While agencies are choosing various cloud partners, we’re focusing this article on what the federal IT pro needs to know about migrating to and monitoring Microsoft Azure deployments.
When migrating to a cloud environment, it’s best to take an “improve then move” approach rather than the more common “lift and shift.” The former prompts the agency to identify and clean out under-provisioned assets that will never perform as needed as well as over-provisioned or abandoned virtual machines.
This is particularly important in an Azure environment. Azure uses a VM fail-safe measure: If a customer deletes a VM, Azure doesn’t automatically delete the associated disks, in case the deletion was in error or the customer needs to reinitiate the VM. As a result, there’s the potential for rogue disks, which can take up gigabytes (or more) of unnecessary storage space.

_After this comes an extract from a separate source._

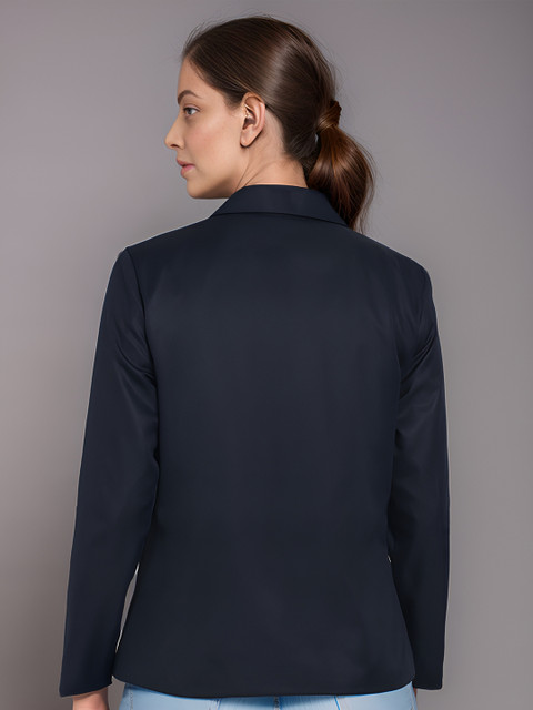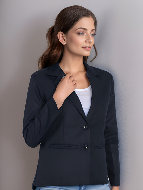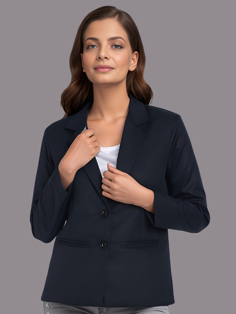 Navy Blue solid regular-fit casual blazer, has a notched lapel, long sleeves, single-breasted with double button closure and two pockets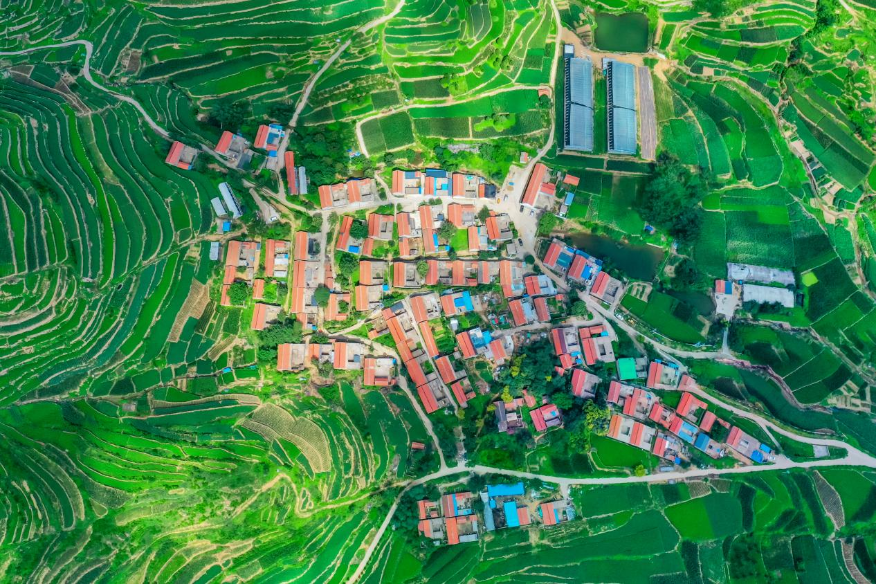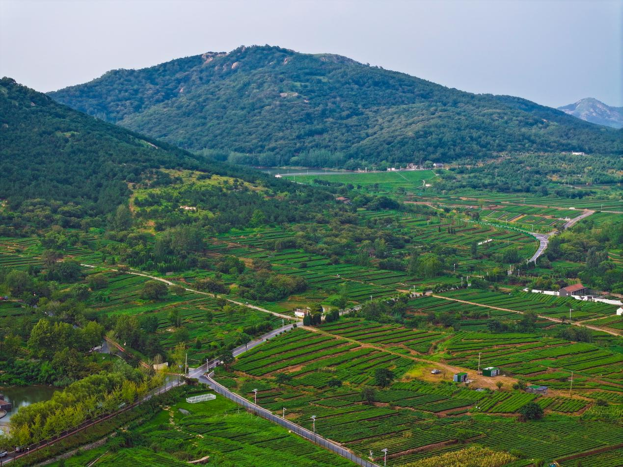 8月11日,俯瞰莒县九里晴川,村庄坐落在绿色梯田之间。陈光金 摄

Monitoring and cost management
Within Azure, Microsoft charges by resource consumption. Combine this fact with the opportunity for virtually unlimited and near-instantaneous capacity, and controlling the agency’s cloud spend may be a challenge. The key is to find a tool, or set of tools, to provide a direct connection between costs and associated usage, hardware, etc. This strategy will help agencies concerned with not knowing how much they’re spending on cloud operations.
IT pros should also keep in mind that while Microsoft assures availability of the Azure platform, it’s up to the customer to ensure applications hosted within Azure infrastructure-as-a-service (IaaS) and platform-as-a-service (PaaS) are available and performing. This requires end-to-end visibility across the entire hybrid IT environment.
Even if the government IT team has the Azure environment under control, there are likely a vast array of IT resources running in other clouds and on-premises. The key is to manage them all through single solution providing a unified view of all resources.
Agencies should look for a tool they can use to monitor Azure Services, Azure App Service, and custom applications through transaction tracing, code profiling and exception tracking. Additionally, they should consider a tool to help ensure the agency’s IaaS-deployed or Azure PaaS databases are performing optimally with cross-platform database performance optimization and tuning.
It’s also important that end users can successfully access Azure-based applications. IT pros can better understand user concerns by automatically testing end-user experience from both inside the organization and outside the firewall and assess the health of network paths between Azure-deployed applications and end users.
Moving to an Azure cloud environment is a sound investment for any agency. The key is to ensure the agency is being efficient in its move and saving money rather than simply moving what’s already in place and paying for unnecessary or unused resources. Agencies that track resources and track costs should see smooth sailing -- and money saved.
Brandon Shopp is the vice president of product strategy at SolarWinds.